Alex Marquez, 26, took Honda’s only MotoGP podiums as a rookie at the factory team in 2020, following Marc’s arm injury, but made only two top-six appearances during the next two years at LCR.

Despite leaving Honda for Ducati this season, Alex has continued to train closely with his brother.

“Training has been like every year,” he said. “For sure I tried personally to improve some things that I had in mind, also after I tried the [Ducati] in Valencia. I know which area I need to work a little bit on but the work and the atmosphere training with my brother is always the same.

“We are professionals. We know that we need to separate the things on track, but also I have the best reference for me to train. That is Marc. He’s really fast always; on motocross, on flat track, on karting.
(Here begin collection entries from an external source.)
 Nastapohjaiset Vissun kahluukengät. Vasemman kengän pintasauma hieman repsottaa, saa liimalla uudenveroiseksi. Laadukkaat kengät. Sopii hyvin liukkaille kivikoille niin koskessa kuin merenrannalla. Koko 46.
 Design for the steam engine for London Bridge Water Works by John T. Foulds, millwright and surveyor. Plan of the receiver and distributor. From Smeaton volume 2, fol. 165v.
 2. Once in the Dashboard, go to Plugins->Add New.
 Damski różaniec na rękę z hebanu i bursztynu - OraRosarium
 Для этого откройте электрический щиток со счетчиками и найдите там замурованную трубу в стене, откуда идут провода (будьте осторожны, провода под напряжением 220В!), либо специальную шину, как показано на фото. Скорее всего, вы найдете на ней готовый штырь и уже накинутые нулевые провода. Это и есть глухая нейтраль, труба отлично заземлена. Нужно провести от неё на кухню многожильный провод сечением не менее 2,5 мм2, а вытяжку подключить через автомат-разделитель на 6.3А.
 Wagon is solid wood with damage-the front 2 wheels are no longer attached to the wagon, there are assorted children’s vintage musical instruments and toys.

“So we always enjoy that training and this will not change. We're professional and the info on MotoGP we will not share for sure, but outside we are brothers and we share our training like we have all our life.”

‘A really great sign’

The former Moto3 and Moto2 world champion takes over the Gresini seat of last year’s four-time MotoGP race winner Enea Bastianini, who finished third overall in the world championship.

Marquez made his debut on the GP22 at last November’s Valencia test when, although only 15th fastest, he was just 0.680s from the top and had almost instantly matched his lap times from the race weekend with Honda.
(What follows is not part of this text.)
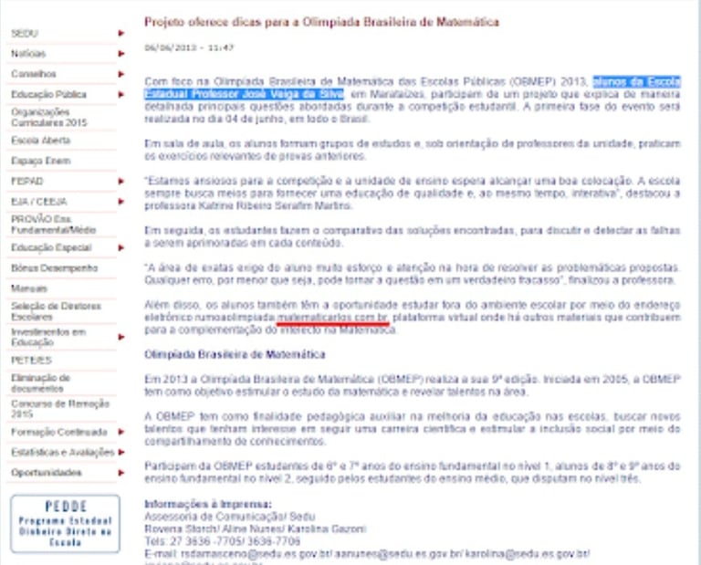SITE DA SECRETARIA ESTADUAL DE EDUCAÇÃO - ES - 06/06/2013
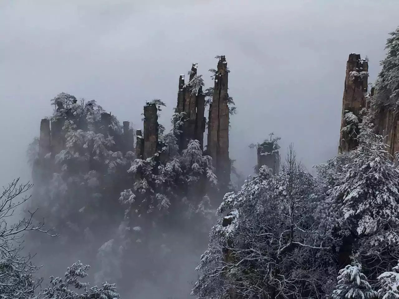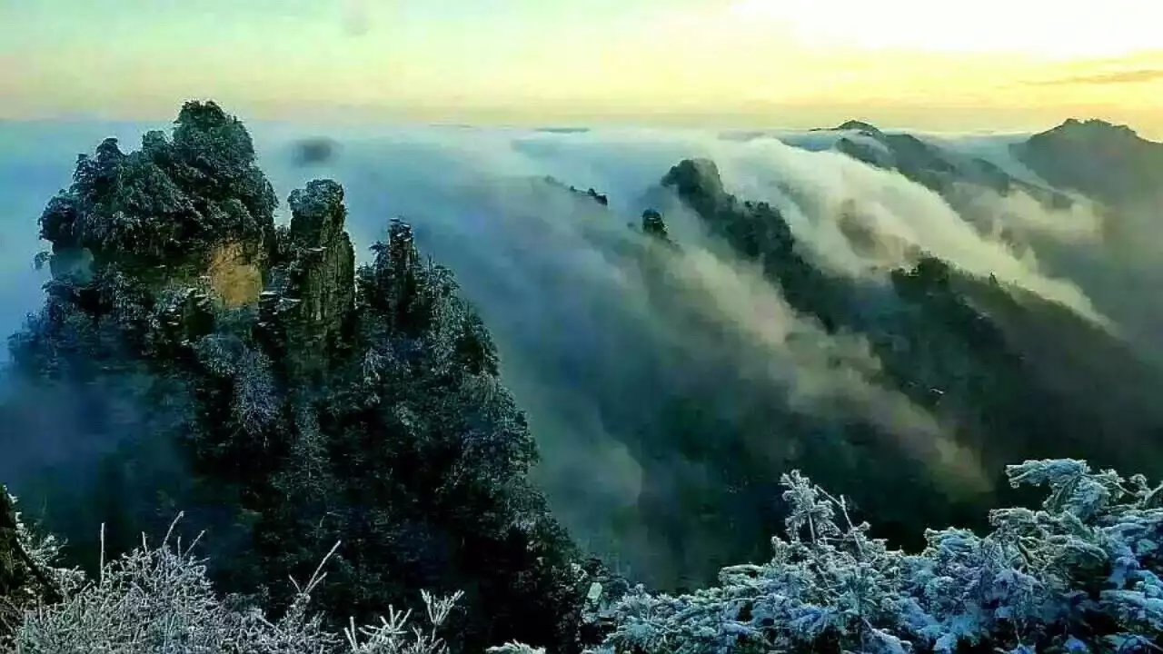 張家界核心景區(qū)雨后云海美如仙境,迎來17年第一場霧凇

“[Ducati and Honda are] very different bikes and what I didn't expect was to be already, in the first run, in the same lap times like Honda or even faster with a medium rear time,” Marquez said.

“I was not feeling really good on the bike because the position and all this was really different compared to the Honda. So I was not riding with a lot of confidence, but the lap times were coming from the first run and this is a really great sign for me.

“When you are not feeling good, but the lap times are coming is something great.

“I was feeling really easy with the engine, the power delivery and all this. Still I rode for another manufacturer for three years and I have some things on my riding style that I will need to change, but this is normal.

“I will need to learn different things compared with riders that have been on the bike for some years and also just copy some things [from them]. So it will be a really interesting pre-season for me to try to adapt and be ready for the first race in Portimao.”

Marquez and di Giannantonio will be back on their Desmosedici GP22s when pre-season testing kicks off at Sepang in Malaysia next month.